Question

Let $ f(x) = |x^2 - 4x + 3| + |x^2 - 5x + 6| $. The minimum value of $ f(x) $ is:

• A. 2
• B. 3
• C. 1
• D. 0

Hint:

To minimize functions with modulus, break into intervals and evaluate at critical points (like roots of expressions inside modulus).

Answer 1

The Correct Option is D

To find the minimum value of \( f(x) = |x^2 - 4x + 3| + |x^2 - 5x + 6| \), we first consider the expressions inside the absolute value functions. 
\(x^2 - 4x + 3\) can be factored as \((x-1)(x-3)\), and \(x^2 - 5x + 6\) can be factored as \((x-2)(x-3)\). 
Analysis of these factors reveals the critical points: \(x = 1, 2, 3\). These points indicate where the expression inside the absolute values changes sign. We will analyze \(f(x)\) piecewise over the intervals determined by these critical points: 

• For \(x < 1\): Both expressions are positive, so \(f(x) = (x-1)(x-3) + (x-2)(x-3) = 2x^2 - 10x + 15\).
• For \(1 \leq x < 2\): \((x-1)(x-3)\) is non-negative, but \((x-2)(x-3)\) is negative: \(f(x) = (x-1)(x-3) - (x-2)(x-3) = 2(x-3)\).
• For \(2 \leq x < 3\): Both expressions are negative: \(f(x) = -(x-1)(x-3) - (x-2)(x-3) = 10 - 2x^2\).
• For \(x = 3\): \(f(x) = 0\) since both expressions are zero.
• For \(x > 3\): Both expressions are non-negative, so \(f(x) = (x-1)(x-3) + (x-2)(x-3) = 2x^2 - 10x + 15\).

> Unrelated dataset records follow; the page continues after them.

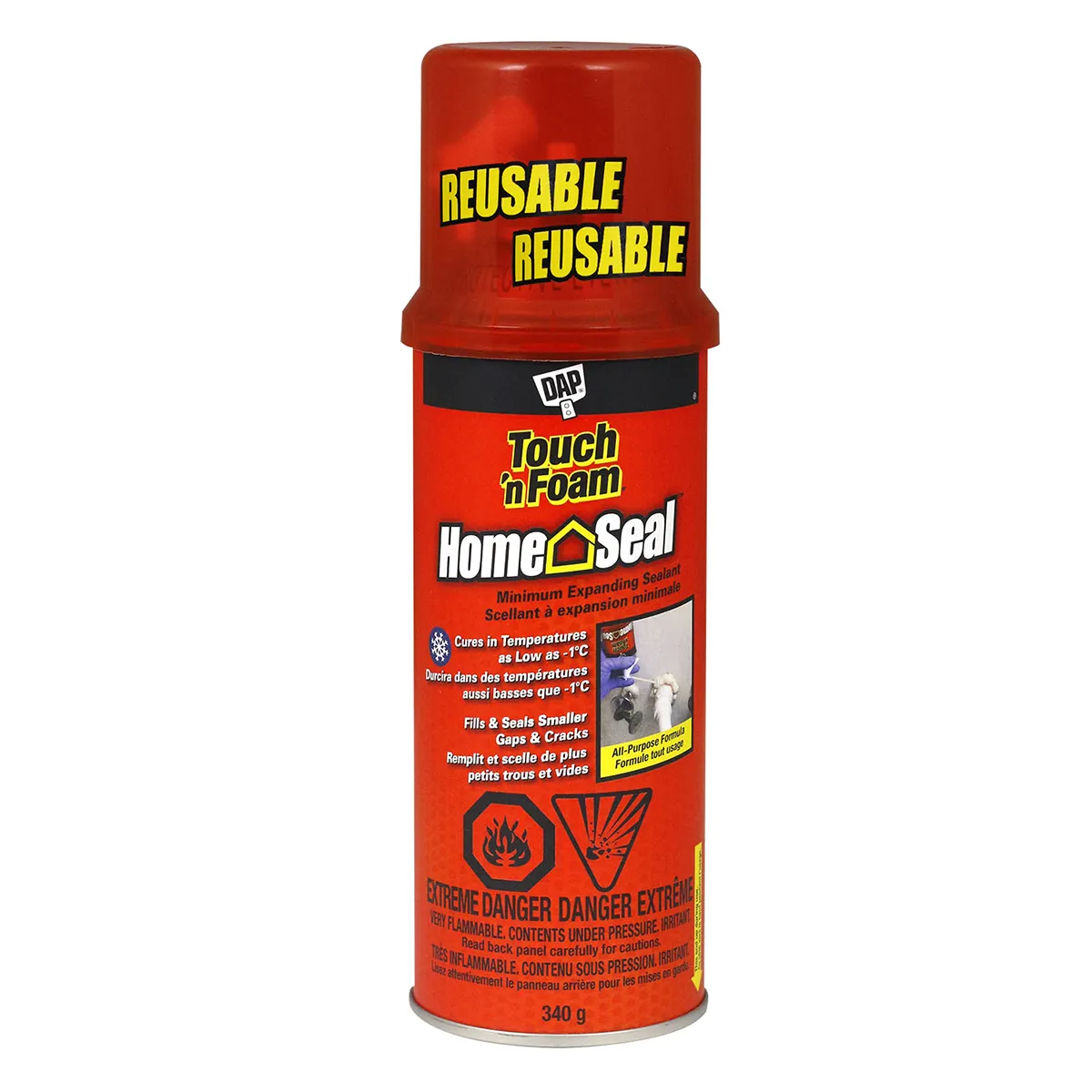 Home Seal is an all-purpose foam that is perfect for smaller cracks and voids. Use it on both indoor and outdoor applications.
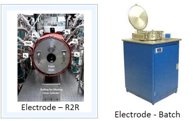 电极极片的卷对卷设备(左)以及传统的批次片对片式 ALD 设备(右)
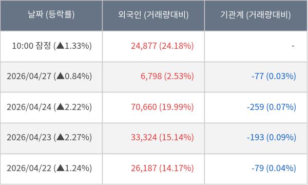 [표] 외국인ㆍ기관 순매매량 (단위 주)
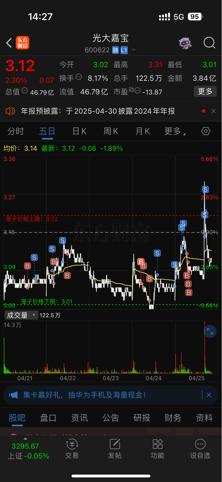 $光大嘉宝(SH600622)$ 卧槽 还可以这样玩
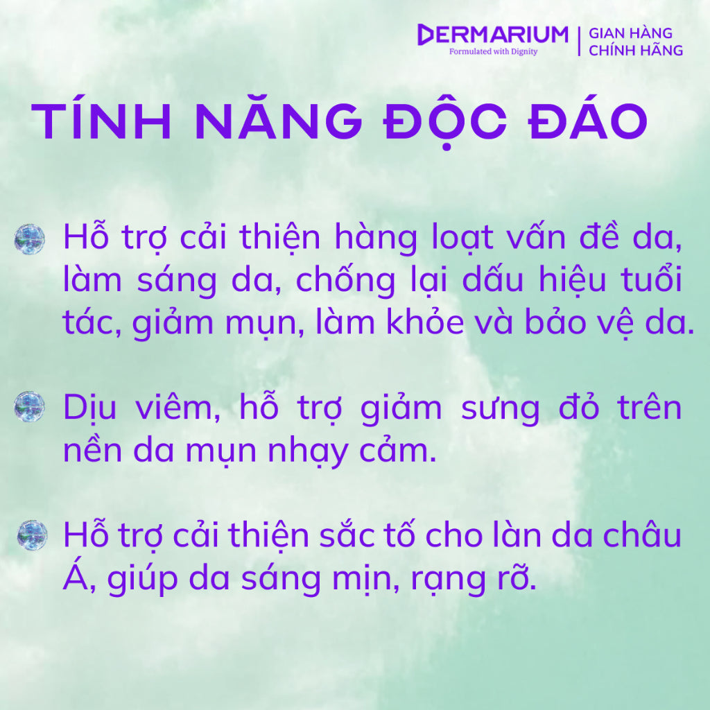 Dermarium is a Vietnamese domestic cosmetic brand, known for its skin care product lines containing active ingredients at standard concentrations, transparent ingredients, carefully researched and tested in the lab to bring optimal effectiveness while still being safe and friendly to Vietnamese skin.

Evaluating these, we find that for \(x = 3\), \(f(x) = 0\). This is the minimum value since the other evaluated values are greater than zero.
Thus, the minimum value of \( f(x) \) is 0.

Answer 2

Factor both expressions: \[ f(x) = |(x - 1)(x - 3)| + |(x - 2)(x - 3)| \] The critical points are at \( x = 1, 2, 3 \). We analyze piecewise:

• Case 1: \( x<1 \) Both expressions are positive:
  \[ f(x) = (1 - x)(3 - x) + (2 - x)(3 - x) \]
  
• Case 2: \( 1 \leq x<2 \) \[ f(x) = (x - 1)(3 - x) + (2 - x)(3 - x) \]
  
• Case 3: \( 2 \leq x<3 \) \[ f(x) = (x - 1)(x - 3) + (x - 2)(x - 3) \]
  
• Case 4: \( x>3 \)
  Both are positive again: \[ f(x) = (x - 1)(x - 3) + (x - 2)(x - 3) \]
  

Now test values at critical points:
- At \( x = 1 \): \( f(1) = |1 - 4 + 3| + |1 - 5 + 6| = |0| + |2| = 2 \)
- At \( x = 2 \): \( f(2) = |4 - 8 + 3| + |4 - 10 + 6| = | -1 | + |0| = 1 \)
- At \( x = 3 \): \( f(3) = |9 - 12 + 3| + |9 - 15 + 6| = |0| + |0| = 0 \)